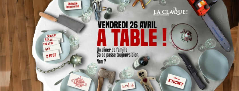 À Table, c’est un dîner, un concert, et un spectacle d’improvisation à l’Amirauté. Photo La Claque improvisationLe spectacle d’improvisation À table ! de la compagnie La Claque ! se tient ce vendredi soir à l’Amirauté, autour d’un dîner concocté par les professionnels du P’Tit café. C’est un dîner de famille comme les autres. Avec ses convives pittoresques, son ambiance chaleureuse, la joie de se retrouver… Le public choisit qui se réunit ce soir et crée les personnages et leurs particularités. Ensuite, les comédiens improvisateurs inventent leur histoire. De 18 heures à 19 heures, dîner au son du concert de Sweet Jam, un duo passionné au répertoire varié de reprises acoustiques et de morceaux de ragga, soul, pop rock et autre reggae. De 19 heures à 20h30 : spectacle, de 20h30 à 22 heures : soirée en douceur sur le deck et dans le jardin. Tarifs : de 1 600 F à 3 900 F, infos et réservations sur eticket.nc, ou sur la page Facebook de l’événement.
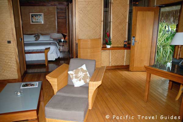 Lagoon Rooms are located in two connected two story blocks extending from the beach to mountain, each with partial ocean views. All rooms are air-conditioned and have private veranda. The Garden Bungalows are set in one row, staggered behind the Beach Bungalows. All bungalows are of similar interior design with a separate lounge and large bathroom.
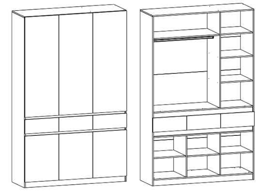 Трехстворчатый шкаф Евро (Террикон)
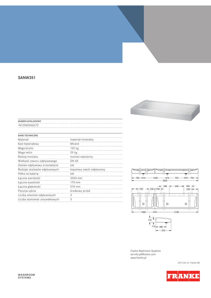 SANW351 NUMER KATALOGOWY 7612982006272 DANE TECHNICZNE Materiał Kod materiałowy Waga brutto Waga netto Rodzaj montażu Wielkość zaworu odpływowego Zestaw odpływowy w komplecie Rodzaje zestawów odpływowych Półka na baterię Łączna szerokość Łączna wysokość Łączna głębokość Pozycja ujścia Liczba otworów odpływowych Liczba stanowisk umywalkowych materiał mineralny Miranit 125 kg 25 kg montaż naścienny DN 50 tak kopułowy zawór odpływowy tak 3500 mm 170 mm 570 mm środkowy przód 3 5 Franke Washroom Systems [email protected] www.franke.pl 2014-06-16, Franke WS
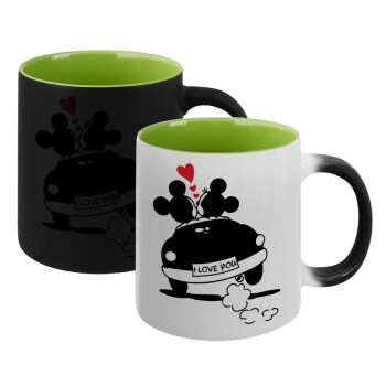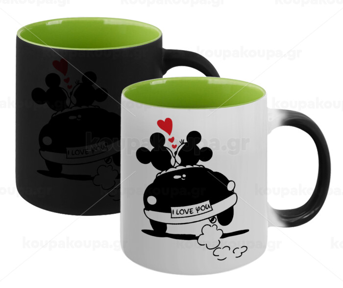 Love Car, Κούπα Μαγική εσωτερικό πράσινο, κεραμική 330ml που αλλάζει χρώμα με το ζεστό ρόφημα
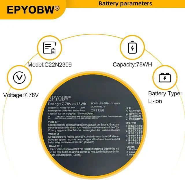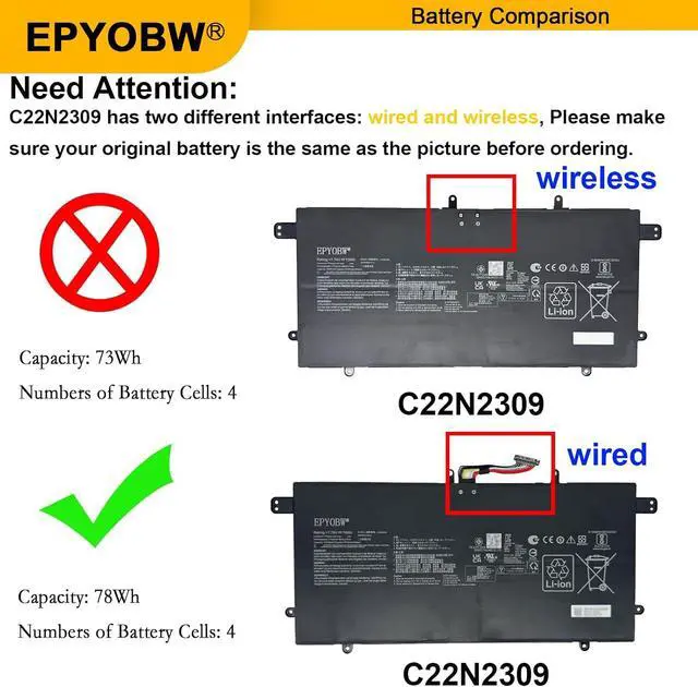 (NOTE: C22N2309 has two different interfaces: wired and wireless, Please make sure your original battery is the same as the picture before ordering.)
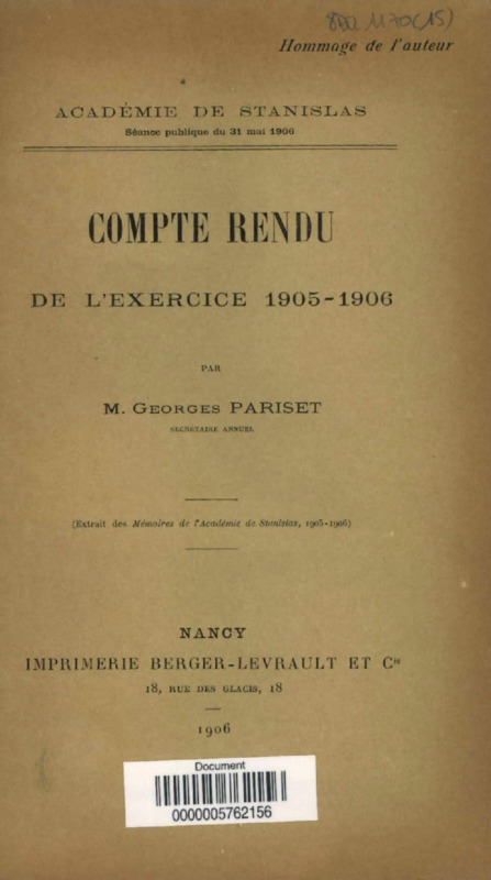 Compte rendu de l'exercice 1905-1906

**Your task:**
The copy you produce must hold all the records above exactly and none of their pictures.

**Result below:**
 À Table, c’est un dîner, un concert, et un spectacle d’improvisation à l’Amirauté. Photo La Claque improvisationLe spectacle d’improvisation À table ! de la compagnie La Claque ! se tient ce vendredi soir à l’Amirauté, autour d’un dîner concocté par les professionnels du P’Tit café. C’est un dîner de famille comme les autres. Avec ses convives pittoresques, son ambiance chaleureuse, la joie de se retrouver… Le public choisit qui se réunit ce soir et crée les personnages et leurs particularités. Ensuite, les comédiens improvisateurs inventent leur histoire. De 18 heures à 19 heures, dîner au son du concert de Sweet Jam, un duo passionné au répertoire varié de reprises acoustiques et de morceaux de ragga, soul, pop rock et autre reggae. De 19 heures à 20h30 : spectacle, de 20h30 à 22 heures : soirée en douceur sur le deck et dans le jardin. Tarifs : de 1 600 F à 3 900 F, infos et réservations sur eticket.nc, ou sur la page Facebook de l’événement.
 Lagoon Rooms are located in two connected two story blocks extending from the beach to mountain, each with partial ocean views. All rooms are air-conditioned and have private veranda. The Garden Bungalows are set in one row, staggered behind the Beach Bungalows. All bungalows are of similar interior design with a separate lounge and large bathroom.
 Трехстворчатый шкаф Евро (Террикон)
 SANW351 NUMER KATALOGOWY 7612982006272 DANE TECHNICZNE Materiał Kod materiałowy Waga brutto Waga netto Rodzaj montażu Wielkość zaworu odpływowego Zestaw odpływowy w komplecie Rodzaje zestawów odpływowych Półka na baterię Łączna szerokość Łączna wysokość Łączna głębokość Pozycja ujścia Liczba otworów odpływowych Liczba stanowisk umywalkowych materiał mineralny Miranit 125 kg 25 kg montaż naścienny DN 50 tak kopułowy zawór odpływowy tak 3500 mm 170 mm 570 mm środkowy przód 3 5 Franke Washroom Systems [email protected] www.franke.pl 2014-06-16, Franke WS
 Love Car, Κούπα Μαγική εσωτερικό πράσινο, κεραμική 330ml που αλλάζει χρώμα με το ζεστό ρόφημα
 (NOTE: C22N2309 has two different interfaces: wired and wireless, Please make sure your original battery is the same as the picture before ordering.)
 Compte rendu de l'exercice 1905-1906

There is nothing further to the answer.